About this exercise
Skip the pictures. Transcribe exactly the lines from the line containing "Шайка из липы, 3" to the end of the listing.

Given material
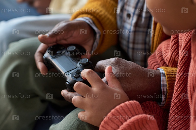 Черный ребенок и чернокожий мужчина играют в видеоигры вместе в помещении
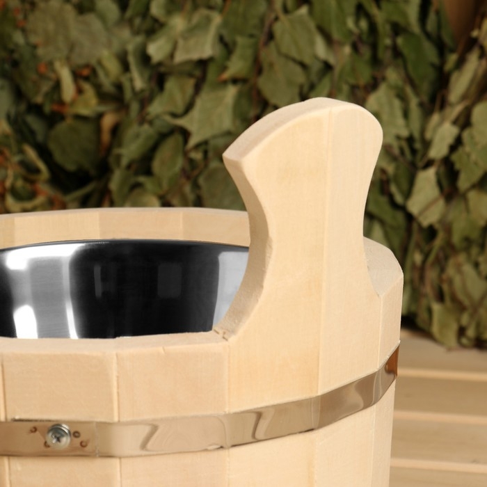 Шайка из липы, 3 л, круглая, нержавеющая вставка, "Добропаровъ"
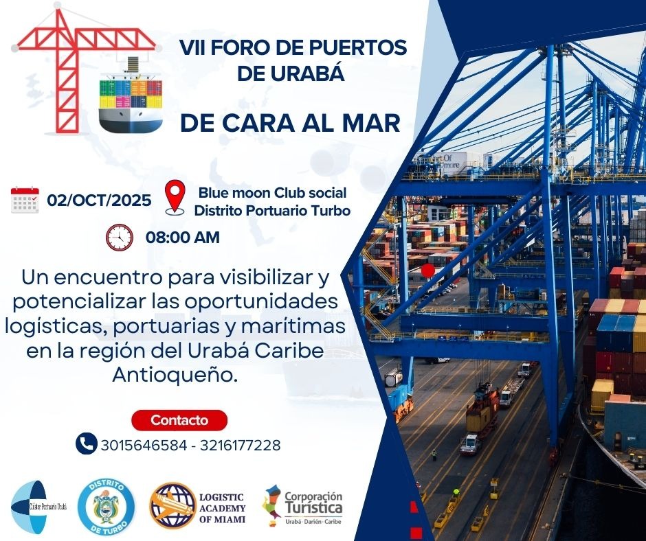 Te invitamos al VII Foro de Puertos de Urabá – De Cara al Mar, un espacio de encuentro para visibilizar y potenciar las oportunidades logísticas, portuarias y marítimas que impulsan el desarrollo de la región del Urabá Caribe Antioqueño.
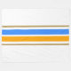 Esta moda, de diseño deportivo, presenta un fondo blanco con franjas de carreras horizontales en el centro azul brillante y amarillo dorado, adosadas con piñones marrones cálidos.

The completed task
 Шайка из липы, 3 л, круглая, нержавеющая вставка, "Добропаровъ"
 Te invitamos al VII Foro de Puertos de Urabá – De Cara al Mar, un espacio de encuentro para visibilizar y potenciar las oportunidades logísticas, portuarias y marítimas que impulsan el desarrollo de la región del Urabá Caribe Antioqueño.
 Esta moda, de diseño deportivo, presenta un fondo blanco con franjas de carreras horizontales en el centro azul brillante y amarillo dorado, adosadas con piñones marrones cálidos.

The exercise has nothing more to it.